Aim of the task:
Leaving out all pictures, copy the lines below exactly, from the line with "苔玉の育て方 苔玉の育て方のポイントは、何と言っても水やりタイミング! ・目で見て苔が白っぽく乾燥している。" to the last line, both ends included.

Provided data:
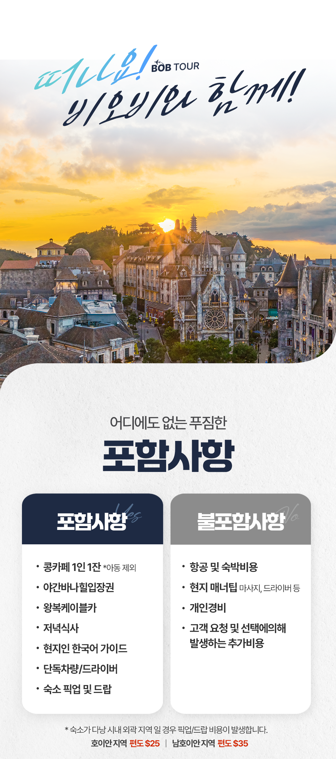 - 숙소가 다낭시내 외곽지역 일 경우 추가비용(호이안지역 편도 $25 / 남호안 지역 편도 $35)
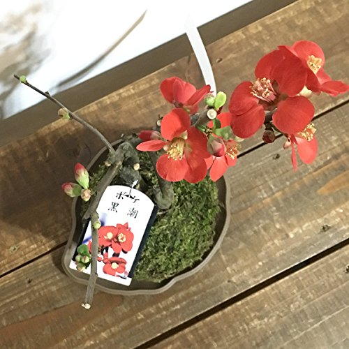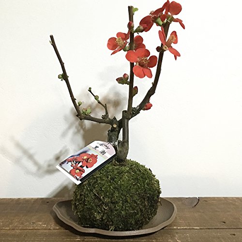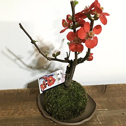 苔玉 ボケ(黒潮) 黒潮(クロシオ)は、黒紅色の中輪単色花で、一重咲き、寒咲き種です。花形はくっきりしていて、とげはありません。開花時期は3~5月です。 苔玉の育て方 苔玉の育て方のポイントは、何と言っても水やりタイミング! ・目で見て苔が白っぽく乾燥している。 ・苔を触ってみてカサカサしている。 ・苔玉を持ち上げたら軽い! 上記のような状態でしたら、水やりを行ってください。 水やりの方法 苔玉の中まで、水がしっかり届くように水の中につけ、沈んだら水やりOKです。 苔玉を取り出したらかるく水を切ってお皿に戻します。 常に水を含んでいるより、乾いてから水を与える様にして下さい。 苔玉の置き場所 日光に当たることによって緑色のふかふかした苔に成長していくので、日光がよく当たる室内の窓辺に置いて下さい。 また、時々窓を開けて風に当ててあげるとより元気に育ちます。 2~3日ごとに屋外に出して外の空気に触れさせもOKです。 苔玉のサイズ:9-15cm 高さ:15-25cm ※全品皿付き ※写真は参考写真(見本)になります。 ※植物ですので多少の個体差があります。時期によって画像にある花や実、葉は付いてない場合があります。
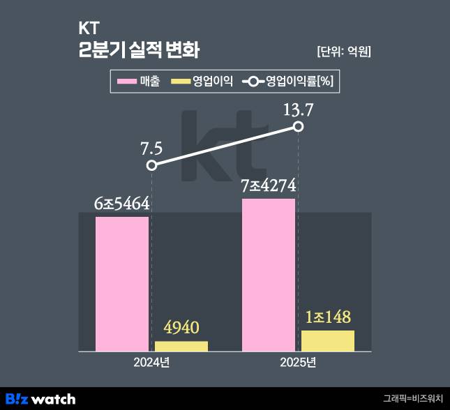KT가 올해 2분기 영업이익 1조원을 돌파하며 사상 최대 실적을 올렸다. 본업인 유·무선 사업이 견조했던 가운데 그룹 계열사의 서울 강북본부 부지 개발에 따른 일회성 분양이익 등이 반영된 게 주효했다.

Written solution:
 苔玉 ボケ(黒潮) 黒潮(クロシオ)は、黒紅色の中輪単色花で、一重咲き、寒咲き種です。花形はくっきりしていて、とげはありません。開花時期は3~5月です。 苔玉の育て方 苔玉の育て方のポイントは、何と言っても水やりタイミング! ・目で見て苔が白っぽく乾燥している。 ・苔を触ってみてカサカサしている。 ・苔玉を持ち上げたら軽い! 上記のような状態でしたら、水やりを行ってください。 水やりの方法 苔玉の中まで、水がしっかり届くように水の中につけ、沈んだら水やりOKです。 苔玉を取り出したらかるく水を切ってお皿に戻します。 常に水を含んでいるより、乾いてから水を与える様にして下さい。 苔玉の置き場所 日光に当たることによって緑色のふかふかした苔に成長していくので、日光がよく当たる室内の窓辺に置いて下さい。 また、時々窓を開けて風に当ててあげるとより元気に育ちます。 2~3日ごとに屋外に出して外の空気に触れさせもOKです。 苔玉のサイズ:9-15cm 高さ:15-25cm ※全品皿付き ※写真は参考写真(見本)になります。 ※植物ですので多少の個体差があります。時期によって画像にある花や実、葉は付いてない場合があります。
KT가 올해 2분기 영업이익 1조원을 돌파하며 사상 최대 실적을 올렸다. 본업인 유·무선 사업이 견조했던 가운데 그룹 계열사의 서울 강북본부 부지 개발에 따른 일회성 분양이익 등이 반영된 게 주효했다.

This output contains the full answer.